Texture2D gPairs_a[8];
Texture2D gPairs_b[8];

While this transformation is critical for having a type layout algorithm that applies across all APIs (and also it is pretty much required to work around various bugs in downstream compilers), it has the important down-side that the value gPairs[0] does not occupy a contiguous range of registers (although the top-level shader parameter gPairs does).

The Slang reflection API will correctly report the information about this situation:

  • The "stride" of the gPairs array will be reported as one, because gPairs[n+1].a is always one register after gPairs[n].a.

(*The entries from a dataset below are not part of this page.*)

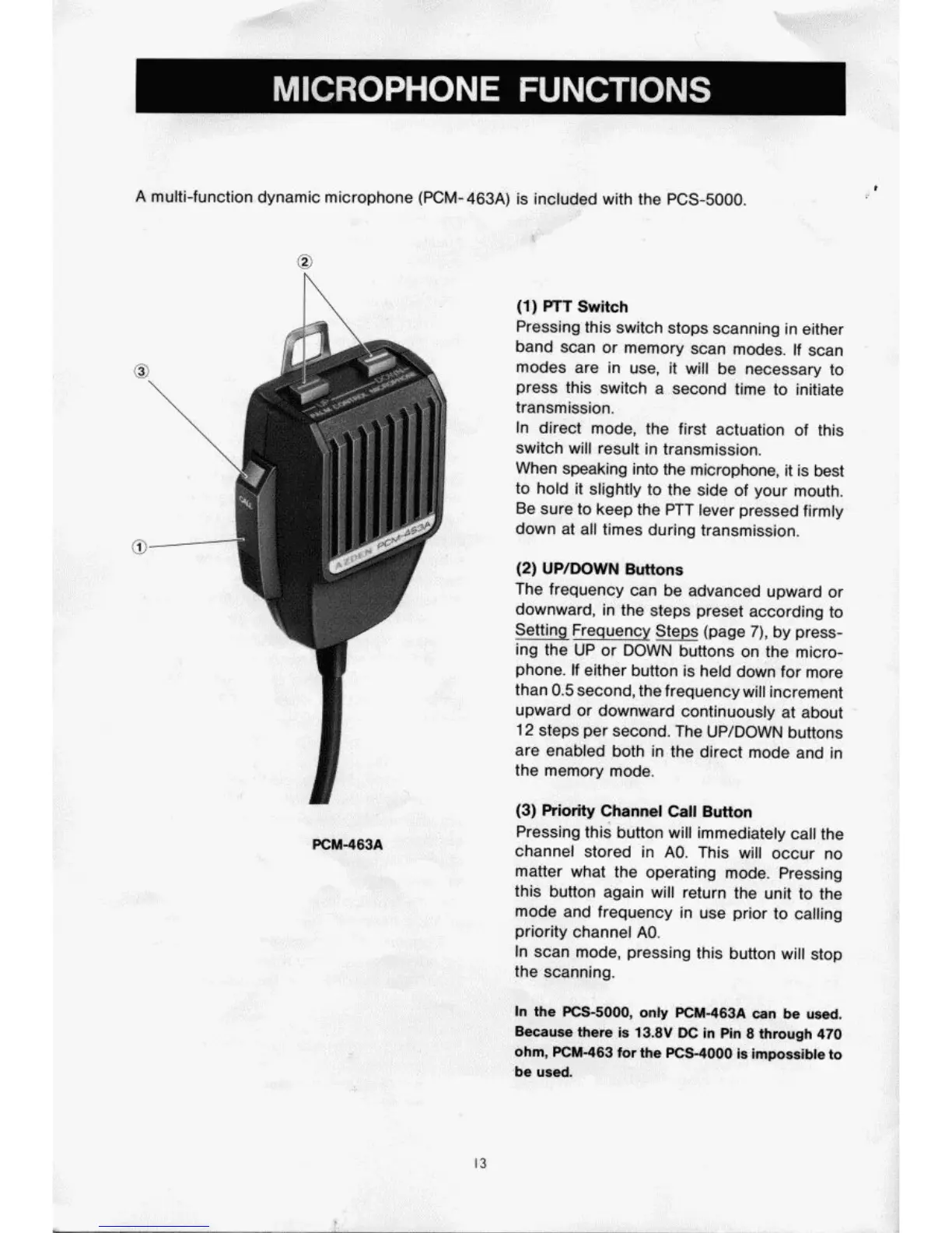 Azden PCS-5000 - Microphone Functions; PTT Switch; Up;Down Buttons; Priority Channel Call Button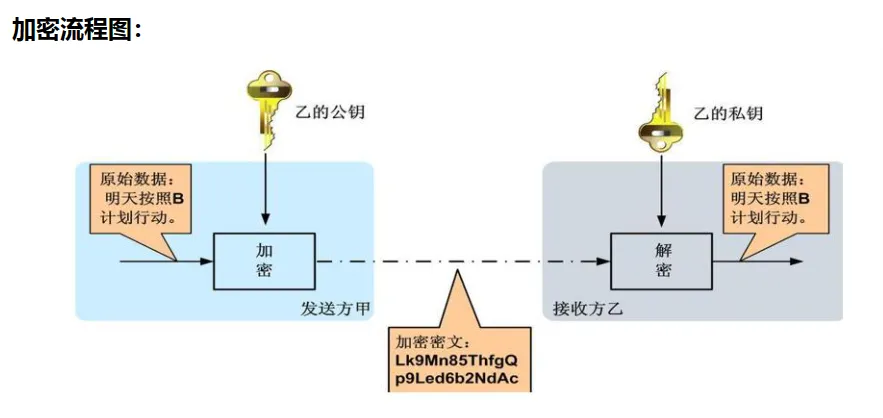 - 得到该公钥的甲方使用该密钥(公钥)对机密信息进行加密后再发送给乙方。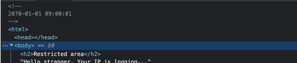 <h2>Restricted area</h2>Hello stranger. Your IP is logging...<!-- if you access admin.php i will kick your ass -->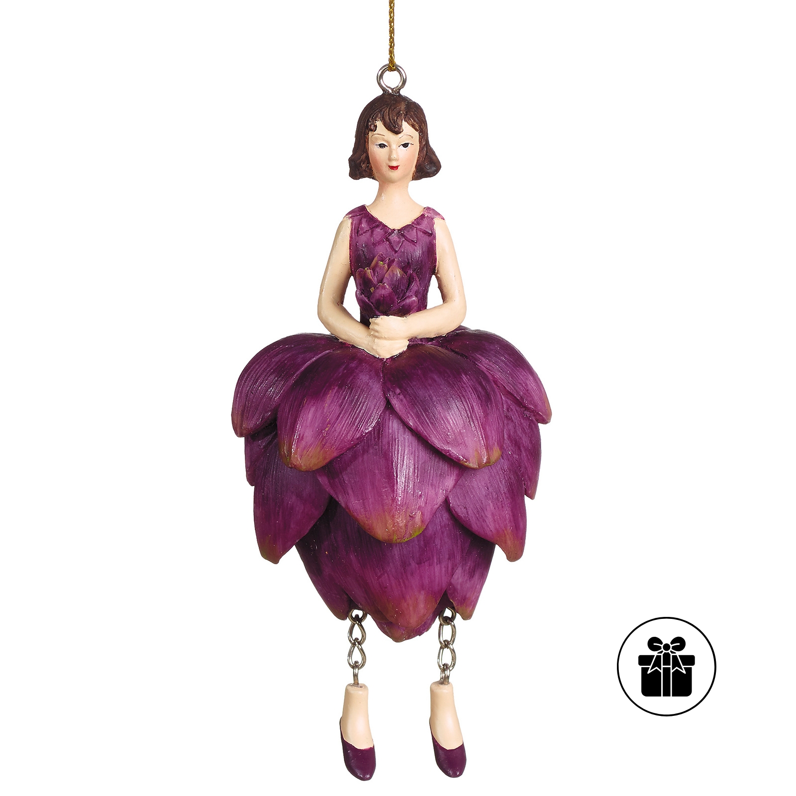 Das Blumenmädchen Artischocke lila beeindruckt mit einem außergewöhnlichen Rock in sanften Violett- und Lilatönen, der an eine blühende Artischocke erinnert. Dieses elegante Design bringt einen Hauch von Exotik in jede Dekoration.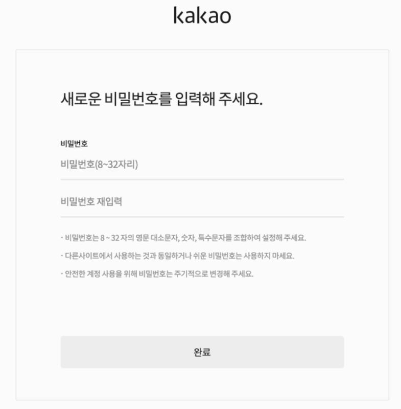 6. 이제 새로운 비밀번호를 설정합니다. 비밀번호는 8~32자 영문으로 설정 할 수 있으며 주기적으로 변경하는 것이 좋습니다. 비밀번호를 재설정 했다면 예전 다음 메일로 로그인해서 메일을 확인 할 수 있습니다.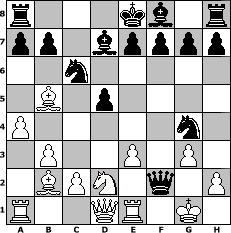 game notation in PGN-format [Event "> 1500"] [Site "www.myChess.de"] [Date "2010.03.18"] [Round "1"] [White "commander"] [Black "Whiskey40"] [ECO "D00"] [WhitemyELO "1172"] [BlackmyELO "1445"] [Result "0-1"] [TimeControl "10/2592000"] [WhiteDays "00"] [BlackDays "50"] [MyChessNo "64083"] 1. d4 d5 2. e3 Nf6 3. Nf3 c6 4. Ne5 Be6 5. a4 Qc7 6. b3 c5 7. dxc5 Qxc5 8. Ba3 Qc7 9. Bb5+ Bd7 10. O-O Qxe5 11. Nd2 Nc6 12. Re1 Ng4 13. g3 Qf6 14. Bb2 Qxf2+ 0-1 position notation in FEN-format r3kb1r/pp1bpppp/2n5/1B1p4/P5n1/1P2P1P1/1BPN1q1P/R2QR1K1 - kq - 0 15 Captured white pieces: Captured black pieces: Click on a captured piece in order to display the desired move!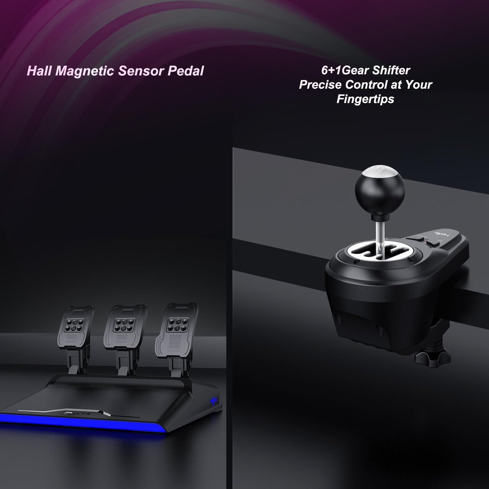 【Large Size High-end Racing Wheel】11.8 inch(300mm)diameter big and Detachable steering wheel with dual paddles to release your driving excitement,finger slide to complete the gearshift action.3IN1 pedals(clutch/brake/accelerator)with Hall magnetic induction technology to achieve high precision and good linearity give you a more sensitive and accurate braking experience.The pedals' angle is adjustable according to your preference. 6+1 shifter with push down reverse gear brings fast and smooth shifting.
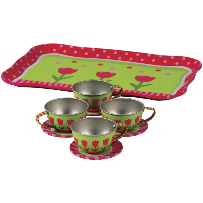 Constructive Playthings 20 pc. Take-Along Tin Tea Set Service for 4 Including Tray, Tea Pot, Napkins and Tablecloth in a Carrying Case for Ages 3 Years and Up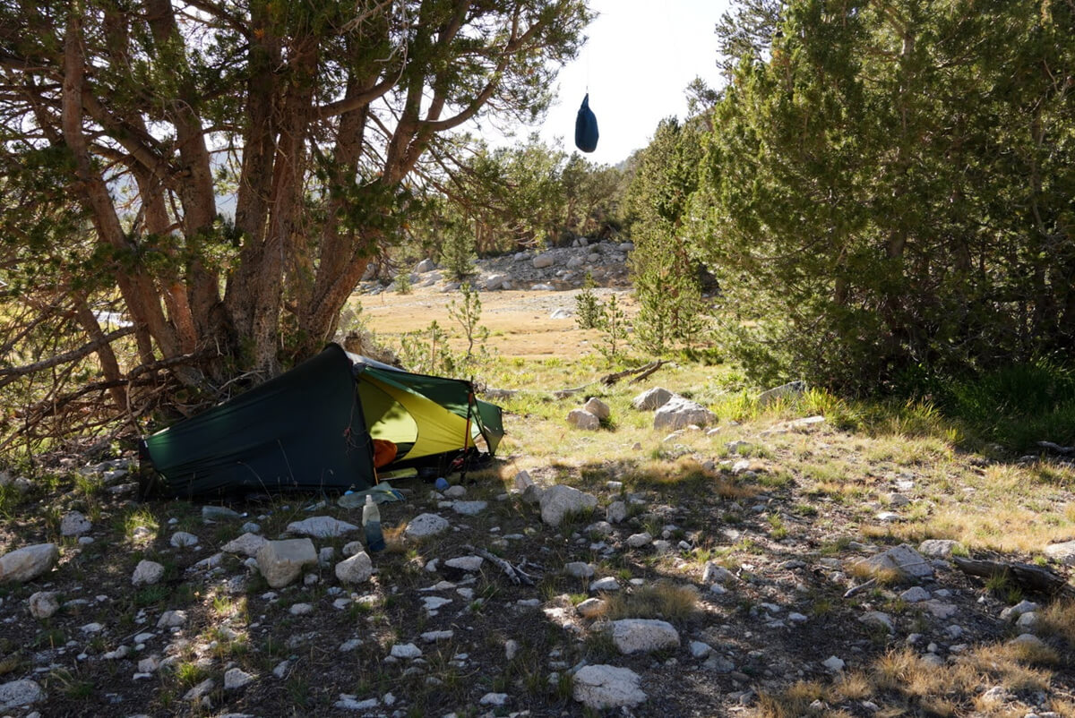 2022 年も北向き JMT で、オニオン・ヴァレイを下りて補給するつもりだった。ブルフロッグ・レイクはキャンプ禁止なので、少し上流まで歩いてテントを張った。それが図 3.25 である。フード・ボックスで拾った食料を調理して、食べていた。ちょっと前を見ると、熊の顔があった。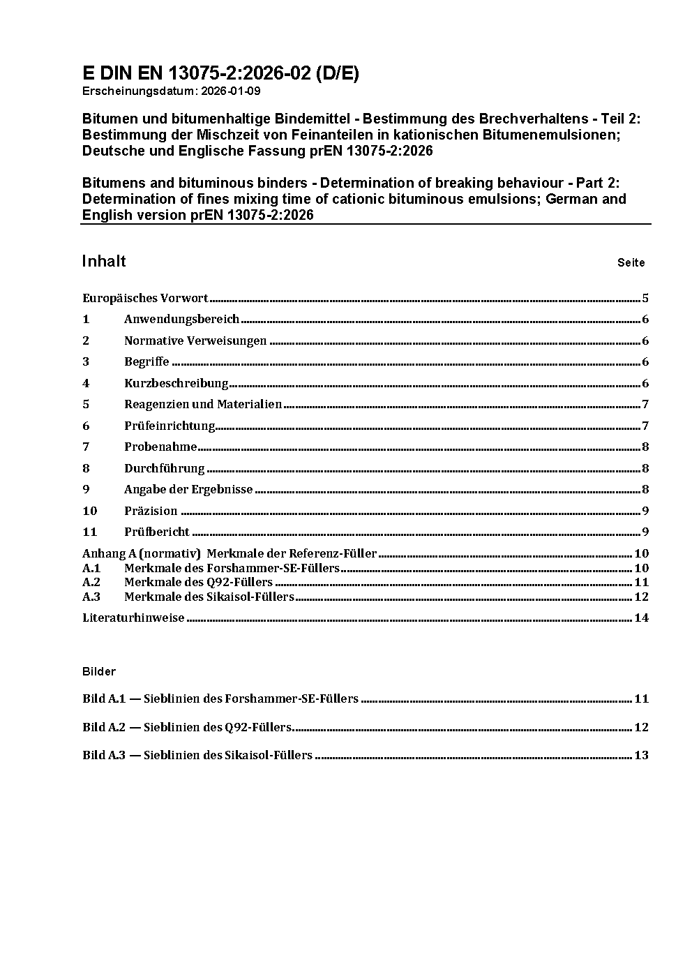 Bitumen and bituminous binders - Determination of breaking behaviour - Part 2: Determination of fines mixing time of cationic bitumen emulsions; German version EN 13075-2:2002

  • The offset of the gPairs.b field will be reported as 8, because gPairs[0].b will be 8 registers after the starting register for gPairs.

The Slang API tries to provide the best information it can in this case, but it is still important for users who mix arrays and complex struct types to know how the compiler will lay them out.

Generics

Generic type parameters complicate these layout rules. For example, we cannot compute the exact resource requirements for a vector<T,3> without knowing what the type T is.

When computing layouts for fully specialized types or programs, no special considerations are needed: the rules as described in this document still apply. One important consequence to understand is that given a type like:

struct MyStuff<T>
{
	int a;
	T b;
	int c;
}

the offset computed for the c field depends on the concrete type that gets plugged in for T. We think this is the least surprising behavior for programmers who might be familiar with things like C++ template specialization.

In cases where confusion about a field like c getting different offsets in different specializations is a concern, users are encouraged to declare types so that all non-generic-dependent fields come before generic-dependent ones.